YOUR INSTRUCTIONS:
Output all of the data exactly as it appears, but leave out any pictures it contains.

--- PROVIDED ENTRIES ---

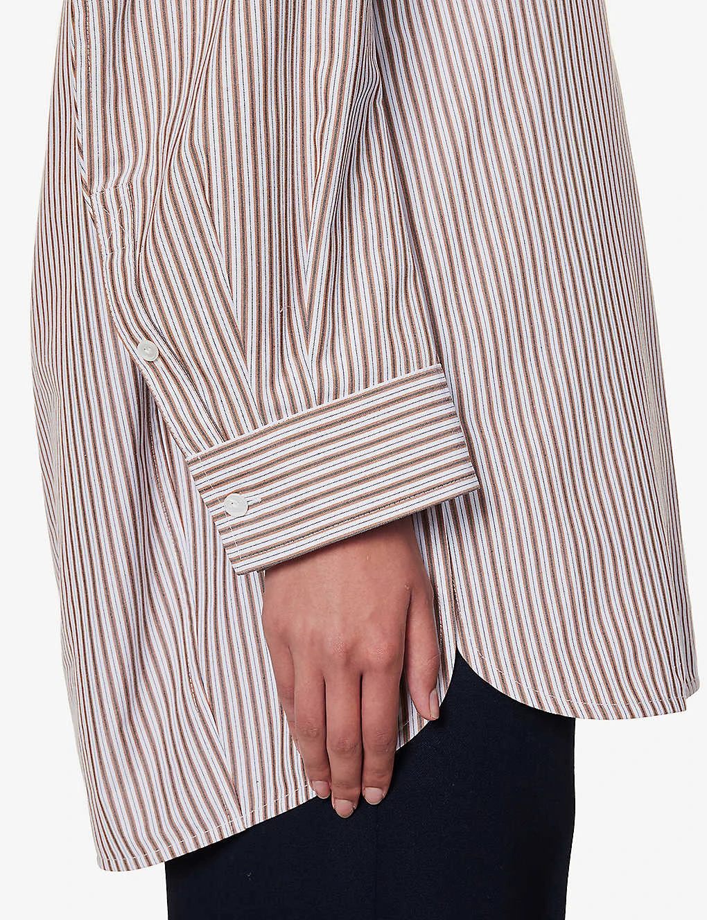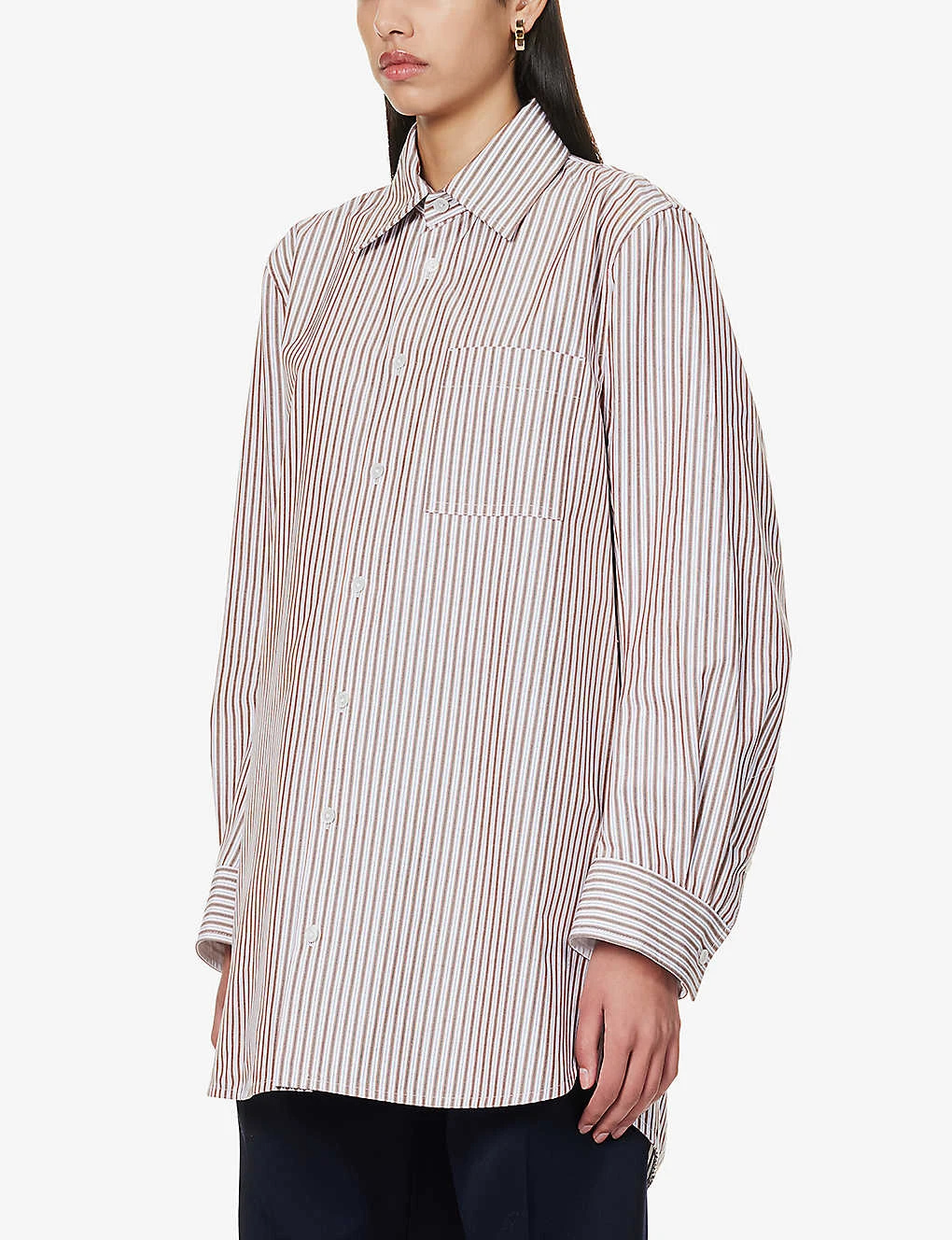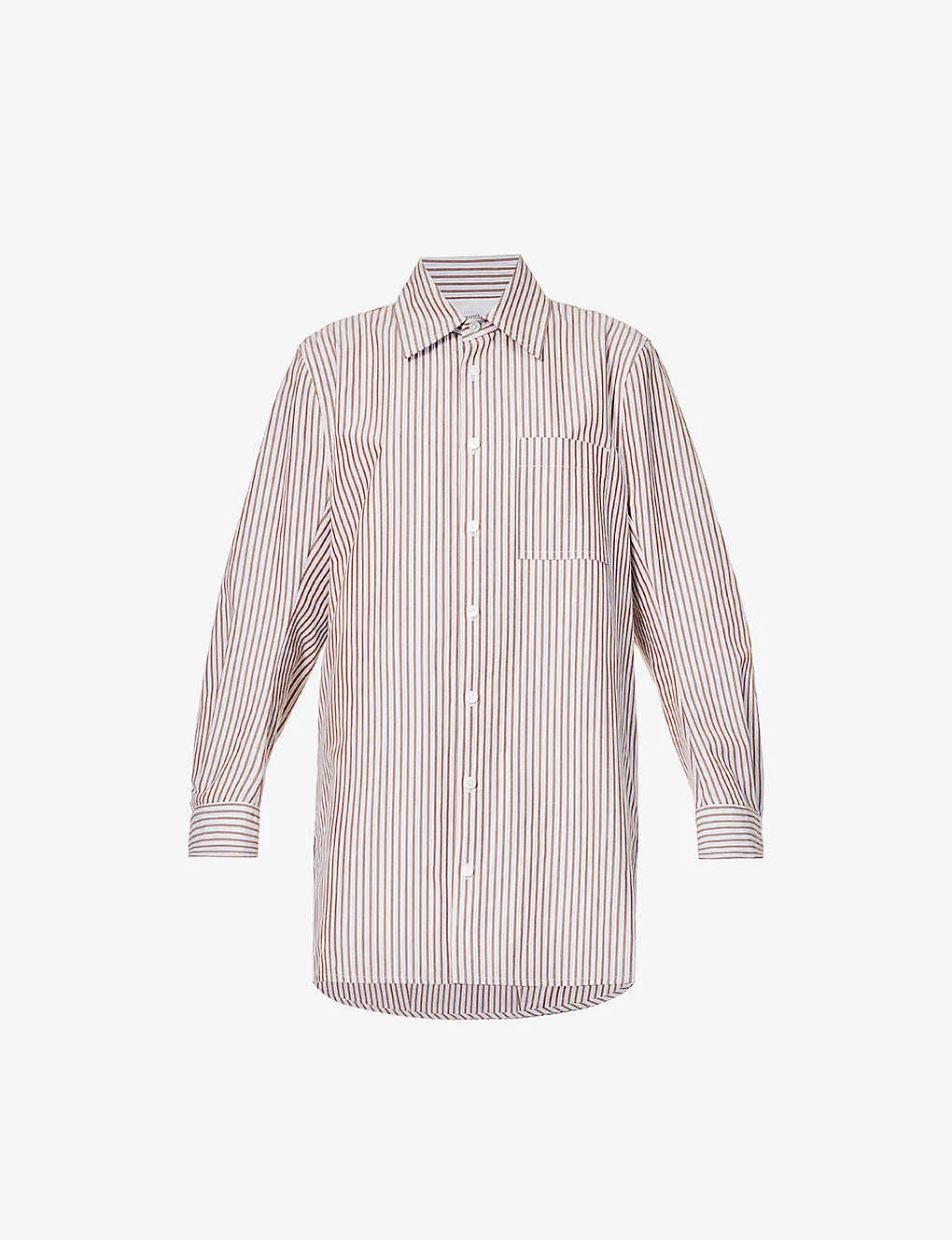 - Relaxed fit, collar, long sleeves, buttoned sleeve hems, patch pocket at chest, straight yoke with pleat at back, all-over stripe pattern, branded pearlescent buttons, dipped curved hem
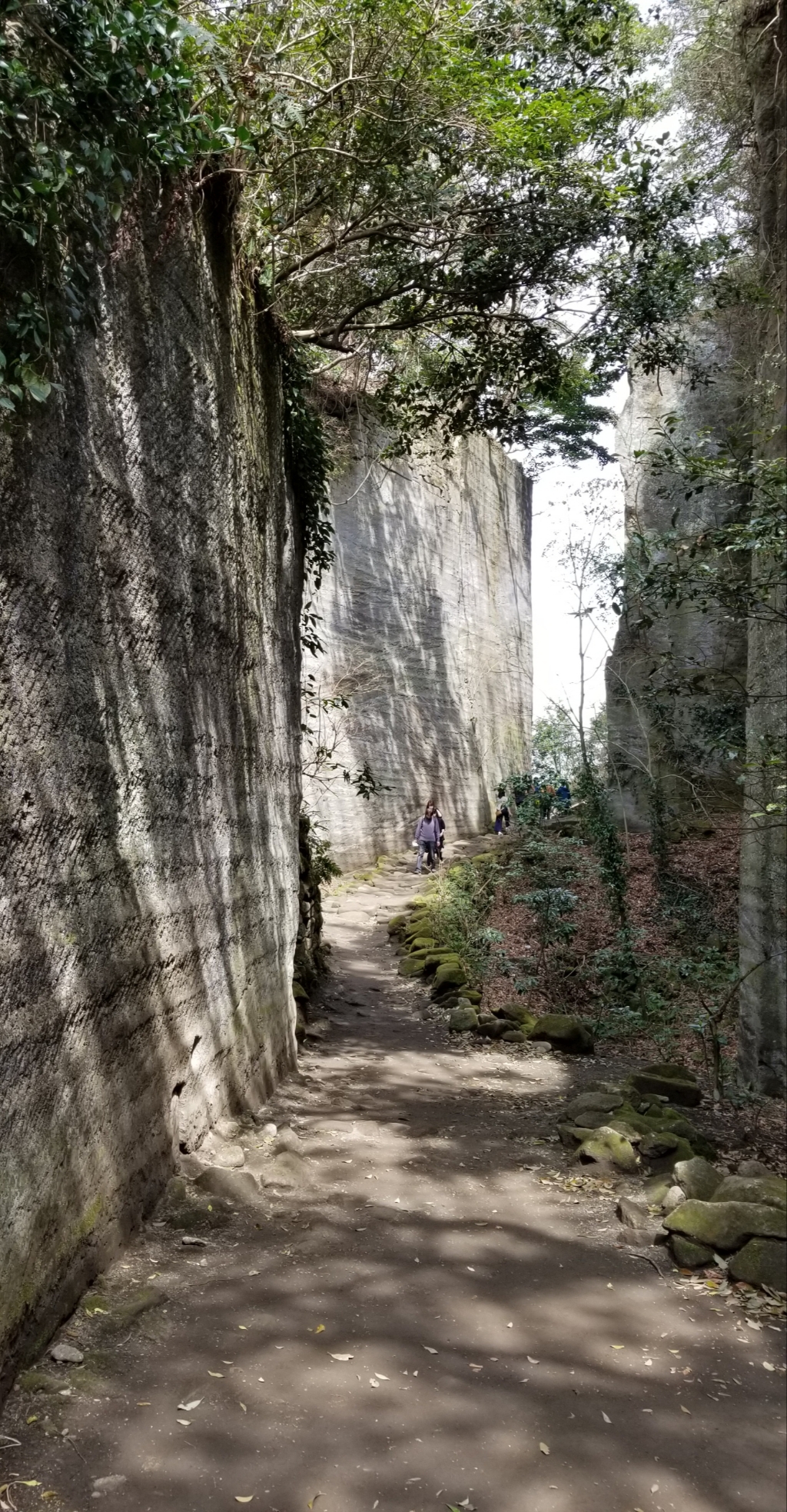 切通し風の通路を通って百尺観音をみます。
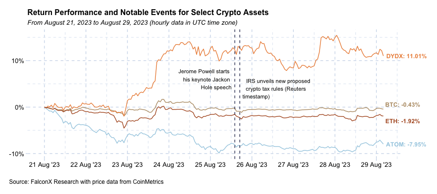 Majors BTC and ETH rehearsed a recovery and were almost 2% in the week, but the small gains were erased in anticipation of and after Jerome Powell’s keynote Jackson Hole speech, which struck a hawkish tone and negatively impacted risk assets more generally. Just a few hours after Powell started his speech, the IRS proposed new tax rules for crypto brokers, exchanges, and payment processors as result of Biden’s 2021 infrastructure bill. Although the industry is still digesting the documents, some policy experts are voicing some concerns, such as the too broad definition of a “digital asset broker”.
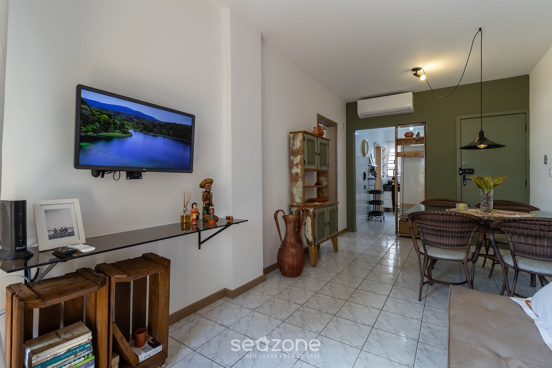 - Sala de estar com sofá e Smart TV;
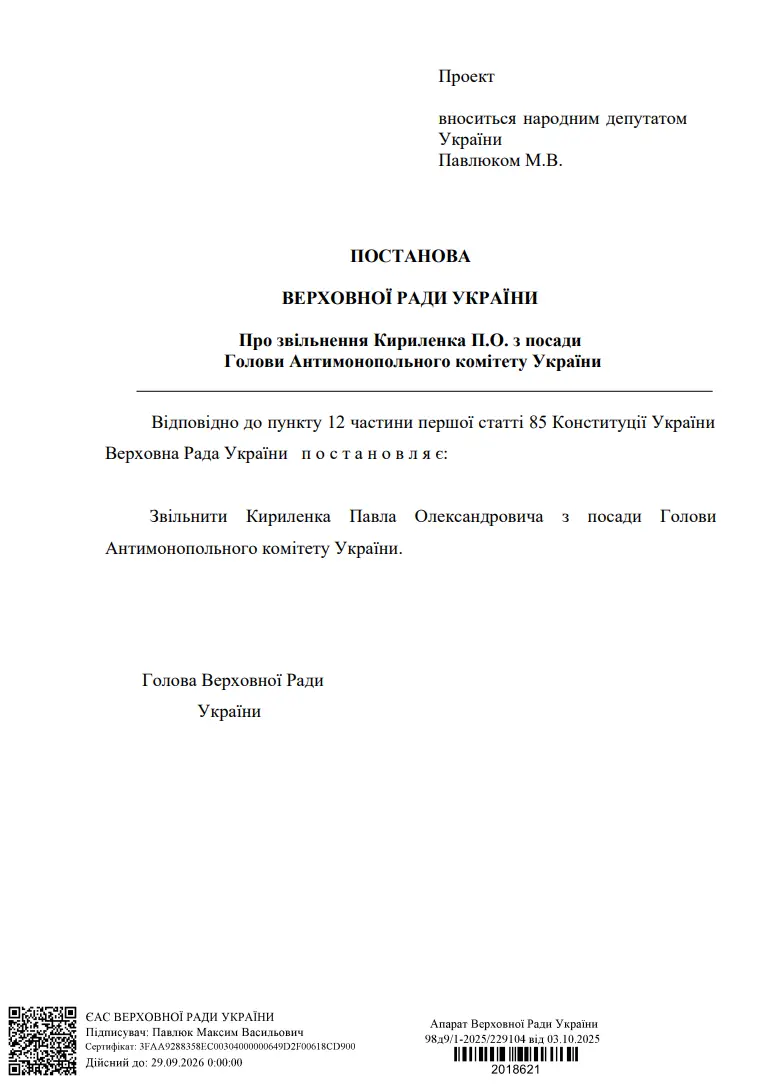 3 жовтня був зареєстрований проект Постанови про звільнення Кириленка Павла Олександровича з посади Голови Антимонопольного комітету України № 14099. Ініціатором є нардеп Павлюк Максим.

---

RESPONSE:
 - Relaxed fit, collar, long sleeves, buttoned sleeve hems, patch pocket at chest, straight yoke with pleat at back, all-over stripe pattern, branded pearlescent buttons, dipped curved hem
 切通し風の通路を通って百尺観音をみます。
 Majors BTC and ETH rehearsed a recovery and were almost 2% in the week, but the small gains were erased in anticipation of and after Jerome Powell’s keynote Jackson Hole speech, which struck a hawkish tone and negatively impacted risk assets more generally. Just a few hours after Powell started his speech, the IRS proposed new tax rules for crypto brokers, exchanges, and payment processors as result of Biden’s 2021 infrastructure bill. Although the industry is still digesting the documents, some policy experts are voicing some concerns, such as the too broad definition of a “digital asset broker”.
 - Sala de estar com sofá e Smart TV;
 3 жовтня був зареєстрований проект Постанови про звільнення Кириленка Павла Олександровича з посади Голови Антимонопольного комітету України № 14099. Ініціатором є нардеп Павлюк Максим.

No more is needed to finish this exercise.